§ **Exercise objective**
In the entries that follow, the first line to write out is the one containing "Буровая коронка ТУНДРА", and the last is the one containing "դ) նիկոտինի և". Reproduce that stretch exactly, with nothing before or after it.
Top of Material for the task
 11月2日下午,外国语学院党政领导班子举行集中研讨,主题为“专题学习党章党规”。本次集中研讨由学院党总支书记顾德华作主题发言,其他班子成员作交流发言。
Bottom of Material for the task
Top of Material for the task
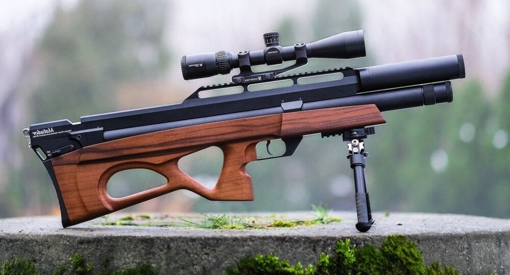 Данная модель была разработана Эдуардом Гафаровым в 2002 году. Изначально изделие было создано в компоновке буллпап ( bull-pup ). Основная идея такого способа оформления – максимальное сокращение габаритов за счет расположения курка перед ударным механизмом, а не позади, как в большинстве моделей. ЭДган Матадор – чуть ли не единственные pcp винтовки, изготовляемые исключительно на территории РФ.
Bottom of Material for the task
Top of Material for the task
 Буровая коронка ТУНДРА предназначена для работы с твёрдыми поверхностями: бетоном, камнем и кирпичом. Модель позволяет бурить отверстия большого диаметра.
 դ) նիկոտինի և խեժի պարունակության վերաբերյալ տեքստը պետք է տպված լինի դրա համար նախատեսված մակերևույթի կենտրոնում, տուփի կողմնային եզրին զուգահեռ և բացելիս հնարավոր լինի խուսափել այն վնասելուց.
Bottom of Material for the task
§ **Response to the task**
 Буровая коронка ТУНДРА предназначена для работы с твёрдыми поверхностями: бетоном, камнем и кирпичом. Модель позволяет бурить отверстия большого диаметра.
 դ) նիկոտինի և խեժի պարունակության վերաբերյալ տեքստը պետք է տպված լինի դրա համար նախատեսված մակերևույթի կենտրոնում, տուփի կողմնային եզրին զուգահեռ և բացելիս հնարավոր լինի խուսափել այն վնասելուց.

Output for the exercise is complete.